Gene Therapy, Gene Editing and Immuno-Oncology Creating Thousands of New Job Opportunities

Animation of DNA in test tube

As gene therapy gains traction, it is expected to create a number of job opportunities. For example, the UK government projects gene and cell therapy in Britain alone will create 18,000 new jobs by 2030. The U.S. Bureau of Labor Statistics predicts a 7 percent increase in jobs for biomedical engineers and a 13 percent increase in medical scientists.

But those numbers, especially the UK numbers, are directly related to gene therapy. The ripple effects are likely to be far larger.

Sangamo Therapeutics, based in Richmond, Calif., is an example of a company focused on gene therapy and genome editing.
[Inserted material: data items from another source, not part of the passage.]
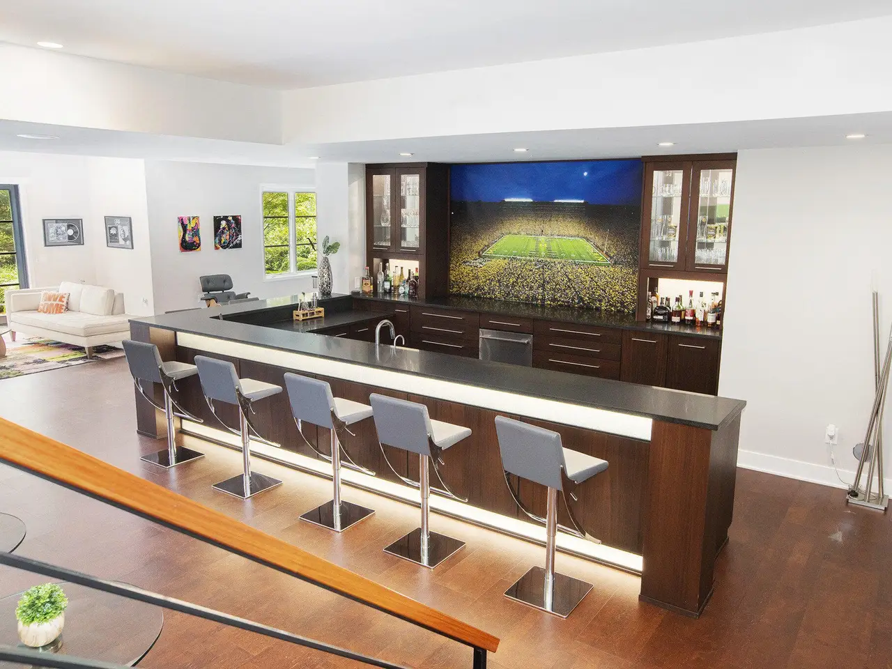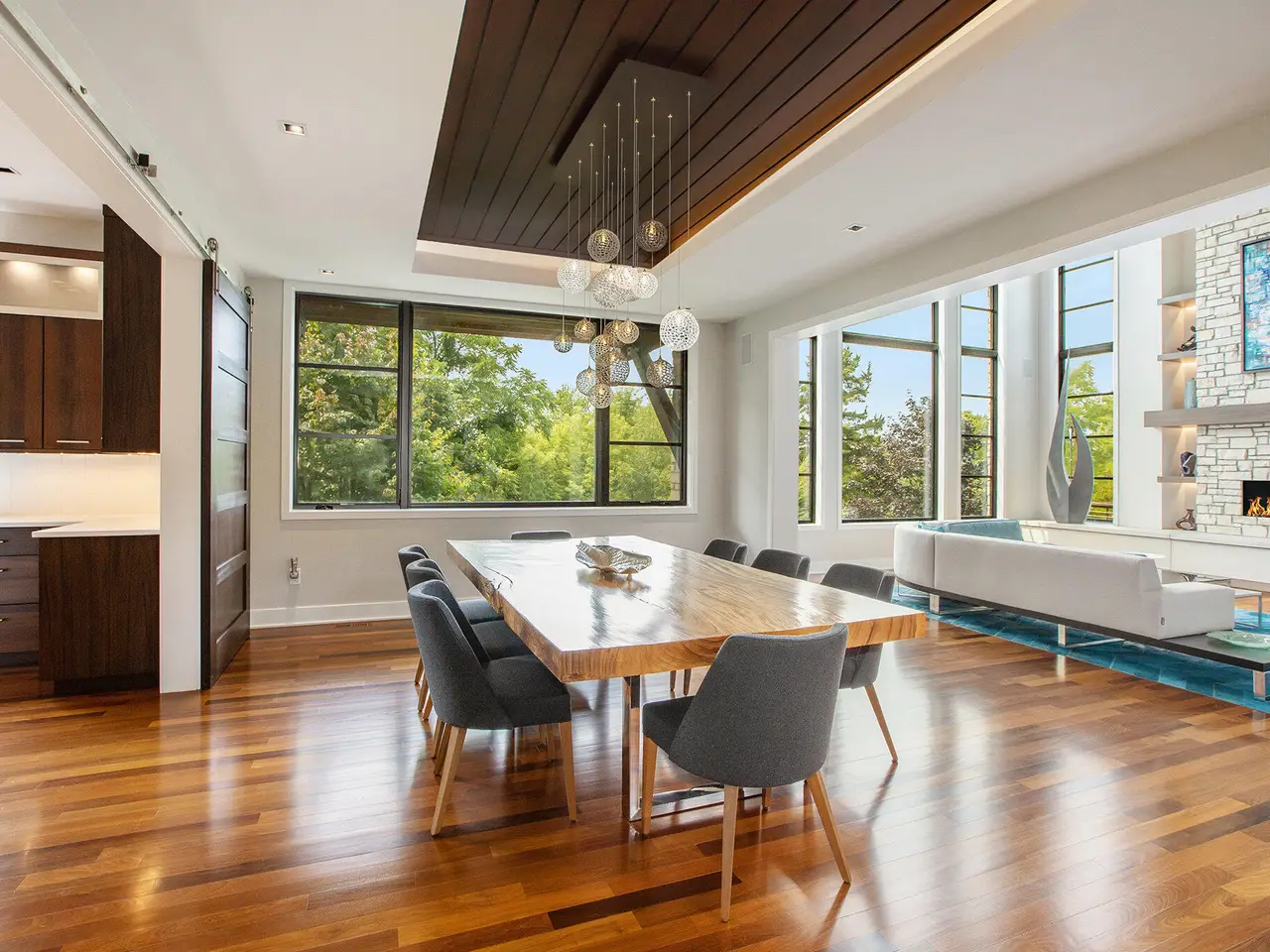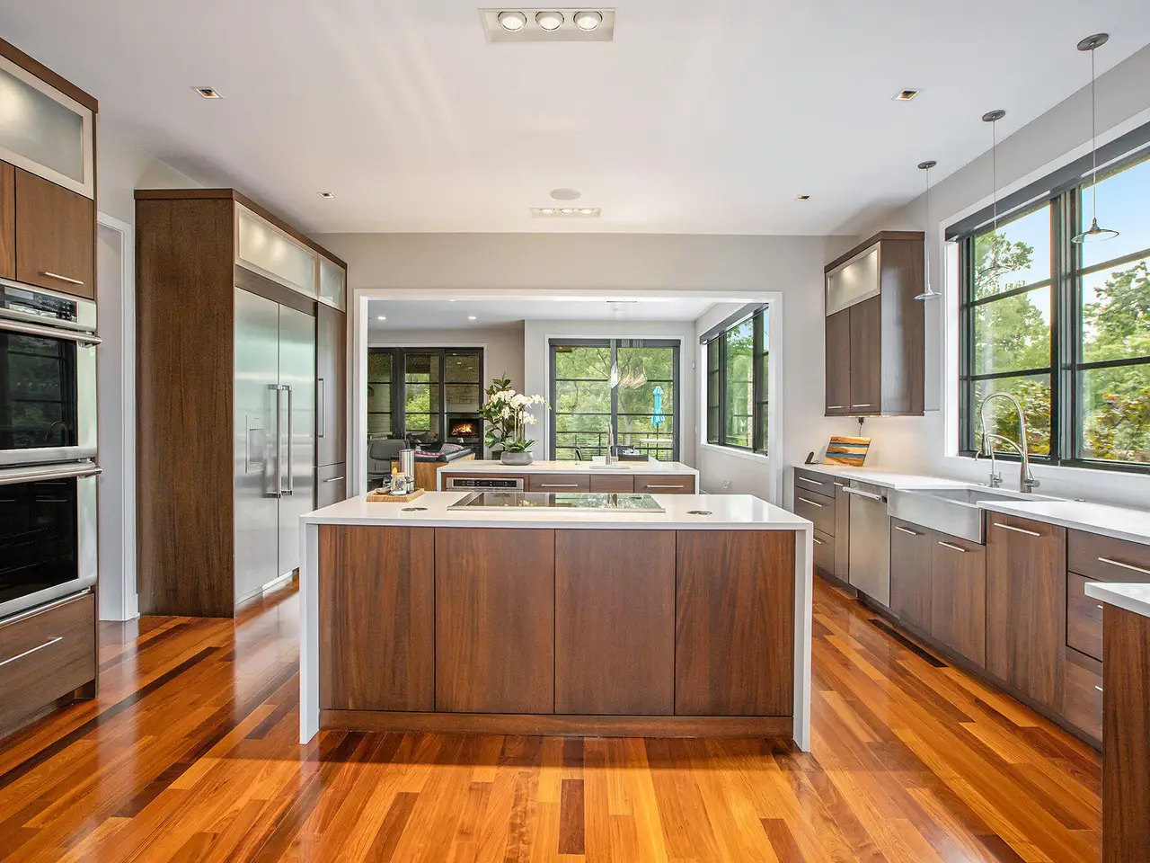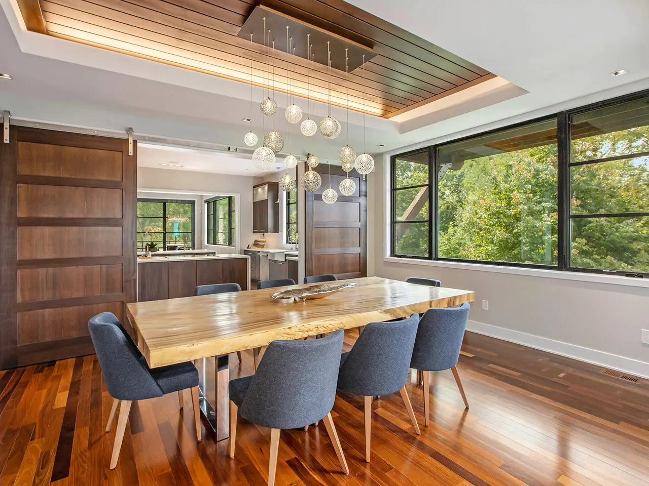 This custom-built Frank Lloyd Wright inspired Prairie Modern style home located in the heart of Ann Arbor is one of the finest homes in the area and a true masterpiece of design, materials, and craftsmanship. You will be impressed at every turn, inside and out, by this truly spectacular property. The home rests on a three-acre double lot just minutes from all UM Campus locations and all Hospitals. The setting offers complete privacy and a stunning view of the Huron River Valley. The grounds are immaculate and feature multiple outdoor loving spaces, extensive landscaping, soothing water sculpture, and entry water feature with walk-over bridge. The eight-car garage space includes fully conditioned work bay with two car lift and extensive cabinetry. No expense was spared to create one of the most incredible living experiences you have ever seen. Interior highlights include a breathtaking two story foyer with custom staircase and stone accent wall, Ipe wood flooring throughout the main level, dramatic two story living room with stone fireplace, custom display shelves, and two story windows with views to the Valley, custom kitchen with Mahogany cabinets built by Dan Young includes two islands, coffee station, professional grade Thermador appliances, and quartz counter tops with a full waterfall edge on the islands, walk-behind wet bar with wine storage, dedicated walk-in pantry with built in cabinets, 2nd refrigerator, and wet bar, comfortable open concept family room with built in entertainment center, and an incredible screened porch with fireplace, Viking grill, heat lamps, and power screens. Additional main floor features include an extensive back hall mud room, laundry room, and homework-station, main floor guest suite with attached bath, and private home office with built-in desk and cabinets, fireplace, and private balcony. The upper level includes a spectacular primary bedroom suite with custom built walnut accents, spa-like primary bath, and oversized, fully built-out primary closet, 2 additional bedroom/bath suites, and a 2nd laundry room. The finished walk-out lower level includes an oversized, walk-behind bar, home theater room with retractable divider, gaming area, sitting area, 2nd office home/playroom, exercise room, and 5th bedroom/bath suite. There is an extensive list of upgrades including custom Lutron lighting and Control 4 home automation for music, security, and theater. Incredible!
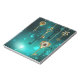 Gold, antique keys with gears and dials hang on gold chains on luminous green background.
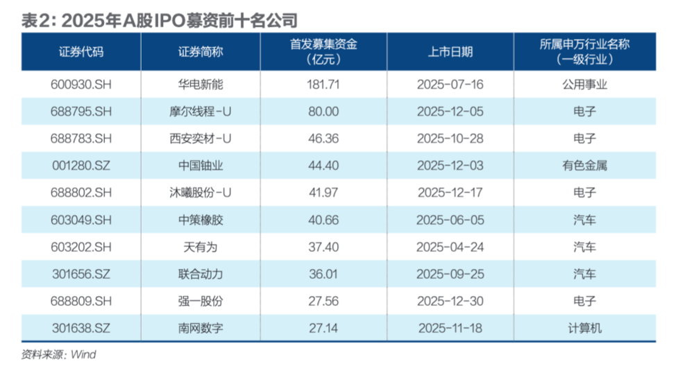A股市场上,分行业来看,电子行业以365亿元的募资金额,高居首位。该行业的细分行业中,半导体以275亿元的IPO募资额成为主力军。2025年,共计有10家半导体公司登陆A股,摩尔线程(688795.SH)、西安奕材(688783.SH)、沐曦股份(688802.SH)募资金额均超40亿元,分居行业前三。
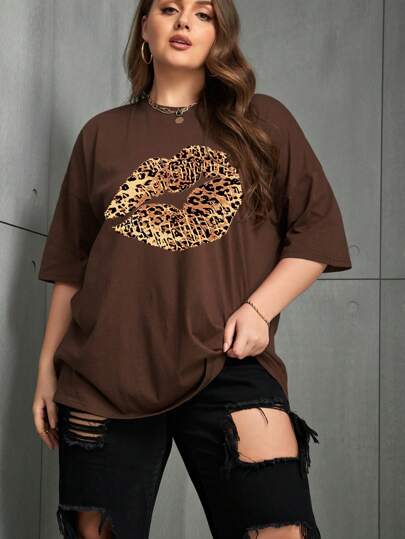 INAWLY Plus Size Leopard Lip Print Drop Shoulder Tee - Chocolate Brown - View 1
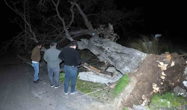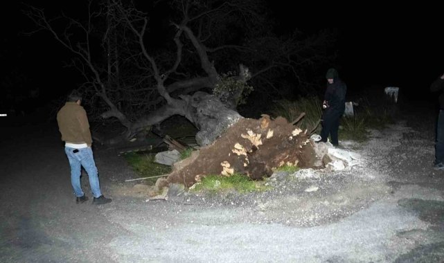 Mersin'de şiddetli rüzgar çatıyı uçurdu, asırlık meşeyi devirdi
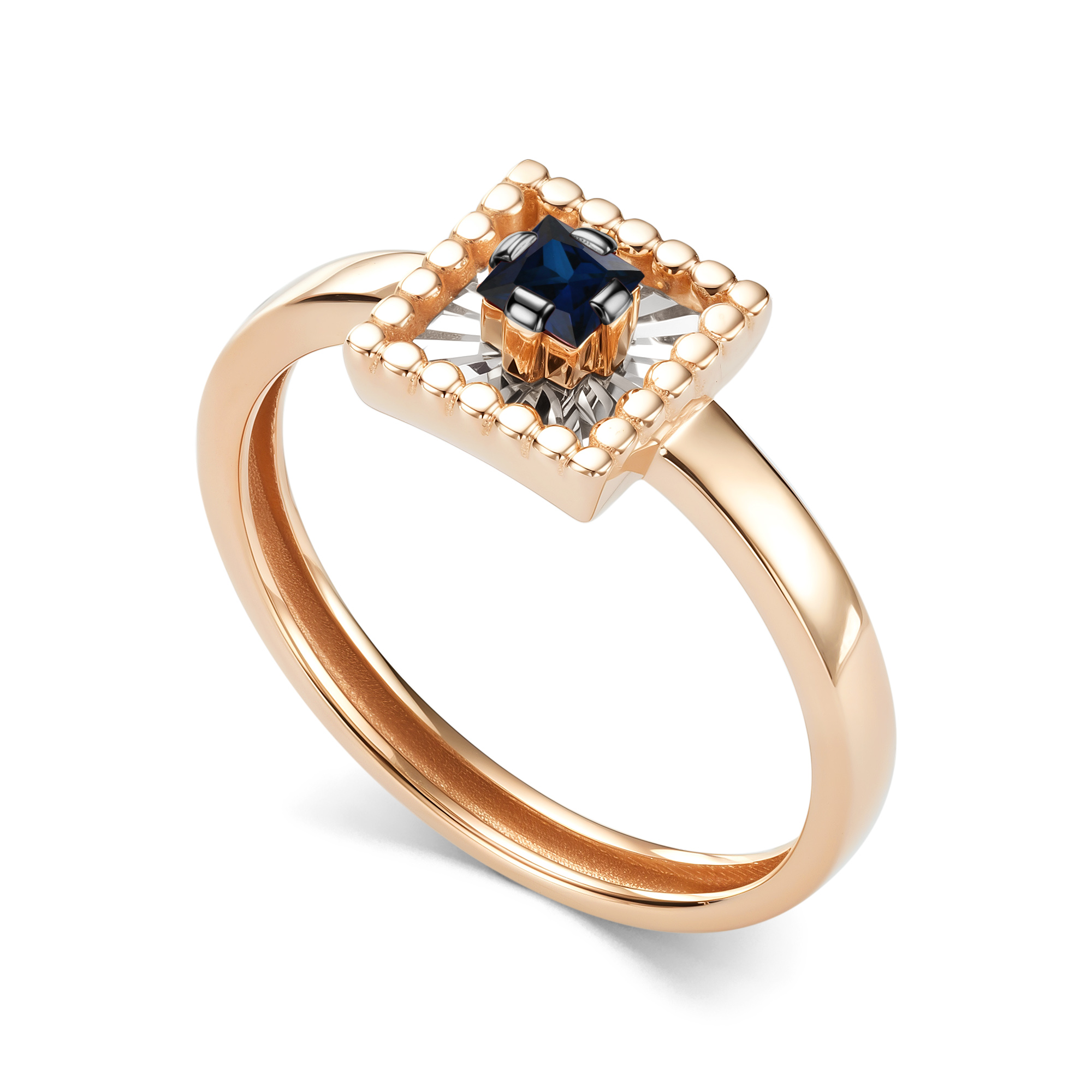 Золотое кольцо АЛЬКОР 17017-102 с сапфиром

In September, the company announced a successful Phase I/II clinical trial of SB-913, a zinc finger nuclease in vivo genome editing product being studied to treat MPS II, also called Hunter syndrome.

The BBC recently covered the trend, profiling a patient receiving the experimental treatment. Sandy Macrae, chief executive officer of Sangamo, told the BBC, “We are at the start of a new frontier of genomic medicine.”

BioSpace recently conducted a short survey on its website asking what trends people saw. One of those trends was gene therapy. Examples include BioMarin Pharmaceutical, which in August 2017 opened a new manufacturing facility in Novato, Calif. to manufacture BMN 270, a treatment for severe hemophilia A. Hank Fuchs, president of BioMarin’s worldwide research and development, dubbed it “the first and largest gene manufacturing facility in the world.”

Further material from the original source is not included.